- Poster
- Directed by: Masud Pathik
- Written by: Masud Pathik
- Based on: Naari by Shahabuddin Ahmed Juddho Shishu by Kamal Ahmed
- Produced by: Bangladesh Government
- Starring: Mumtaz Sorcar; Jyotika Jyoti; Pran Roy; Devasish Kaiser;
- Cinematography: Komol Chandra Das
- Edited by: Junaid Halim Rashaduzzaman Shohag
- Music by: Belal Khan
- Production company: Bratyo Creation
- Distributed by: Bratyo Chalachitra, Bratyo Creation
- Release date: December 27, 2019;
- Running time: 123 minutes
- Country: Bangladesh
- Language: Bengali

= Maya: The Lost Mother =

2019 film by Masud Pathik

Maya: The Lost Mother is a 2019 Bangladeshi war drama film. The film was written and directed by Masud Pathik and produced by Information Ministry of Bangladesh Government. It features Mumtaz Sorcar, Pran Roy, Jyotika Jyoti and Debashish Kaiser in the lead roles. The film was released on December 27, 2019. The film also premiered on 18th Dhaka International Film Festival.

== Cast ==
- Devasish Kaiser
- Mumtaz Sorcar
- Jyotika Jyoti
- Pran Roy
- Nargis Aktar
- Syed Hasan Imam
- Lina Ferdousi
- Jhuna Chowdhury
- Aslam Sunny
- Dr.
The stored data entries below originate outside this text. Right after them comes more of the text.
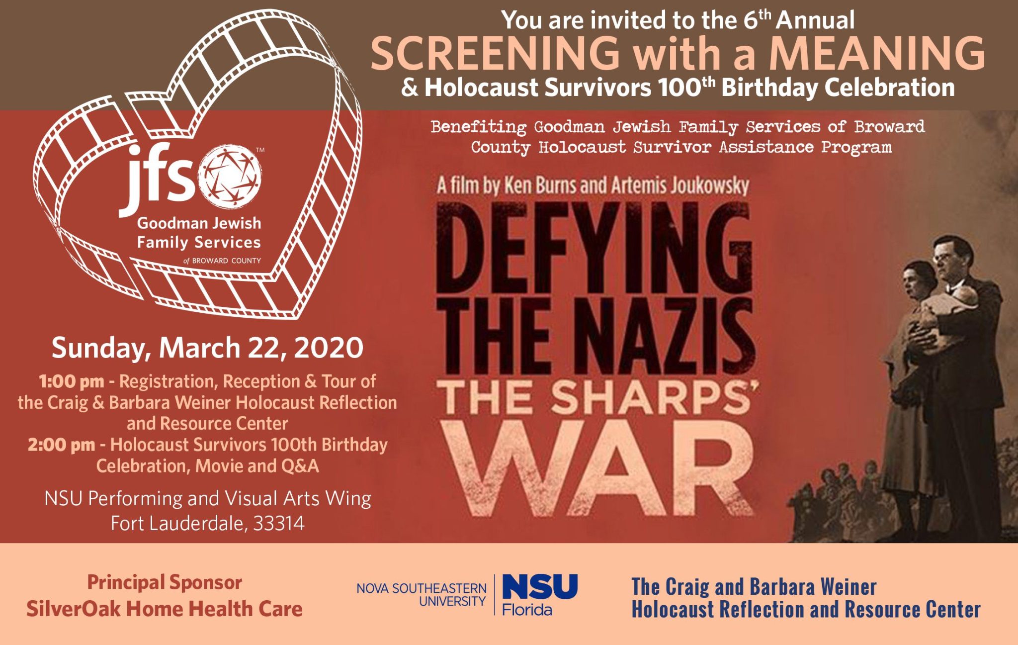This movie is directed Ken Burns and Artemis Joukowsky and narrated by Marina Goldman and Tom Hanks. In addition, we will be celebrating Holocaust survivors in Broward County who will turn 100 years old in 2020 (and a few who will celebrate their 100 birthdays).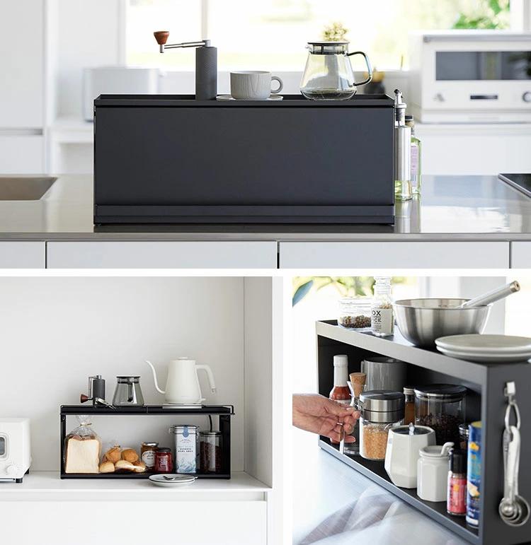 【前が開くキッチンカウンター上収納ラック D15】リビングからはスッキリ隠せて、キッチンからは使い勝手の良さが嬉しい。奥行き15cmのカウンター上収納ラックです。リビング側は全面が開くフラップ式の扉なので、中の物も取り出しやすいです。キッチン側は扉がないのでサッと物の出し入れがしやすいです。壁際に設置すればブレッドケースとしても使用できます。スチール製なのでマグネットが付き便利です。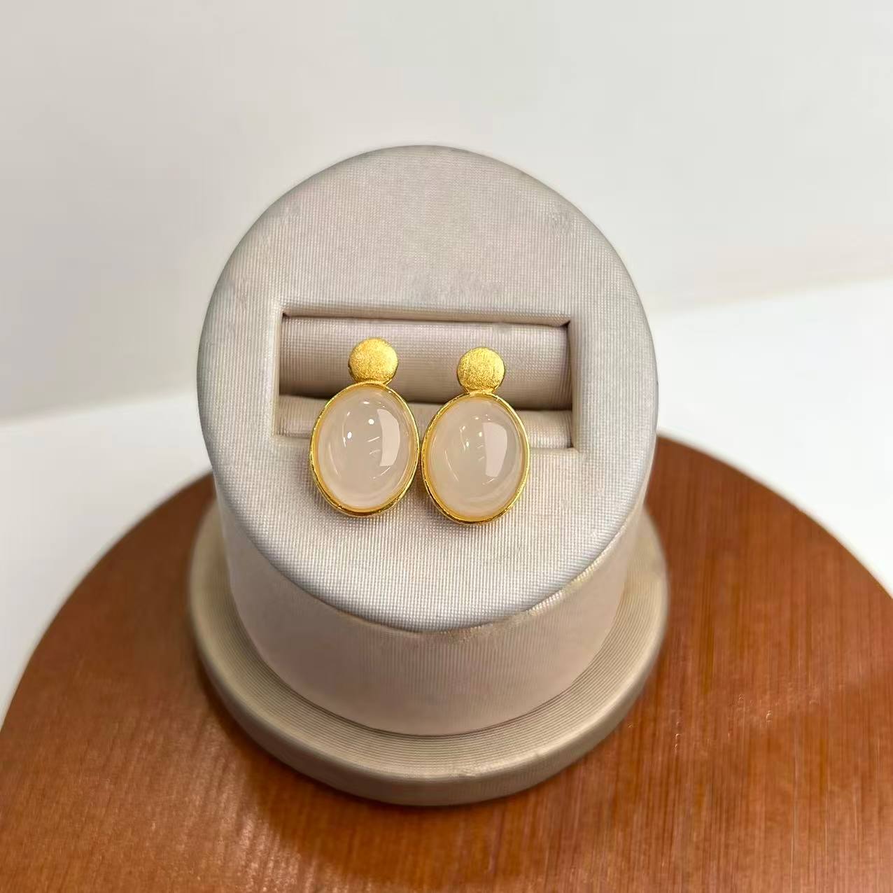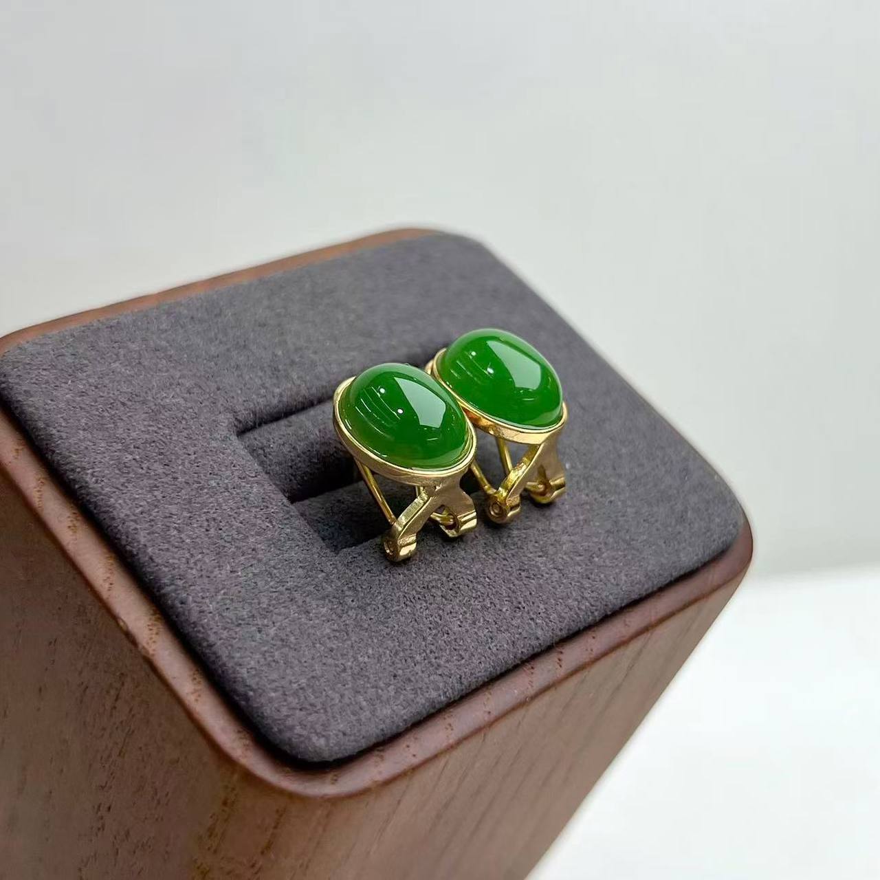 Hot Selling🔥 Almost Sold OutAJ421-和田碧玉9x11mm+-蛋面耳扣

Shahadat Hossain Nipu

== Marketing and Release ==
The official trailer of the film was released on November 20, 2019. The film was released in 5 theatres on December 27, 2019.

==Awards==
The film won 44th Bangladesh National Film Awards - 2019 in a maximum of eight categories.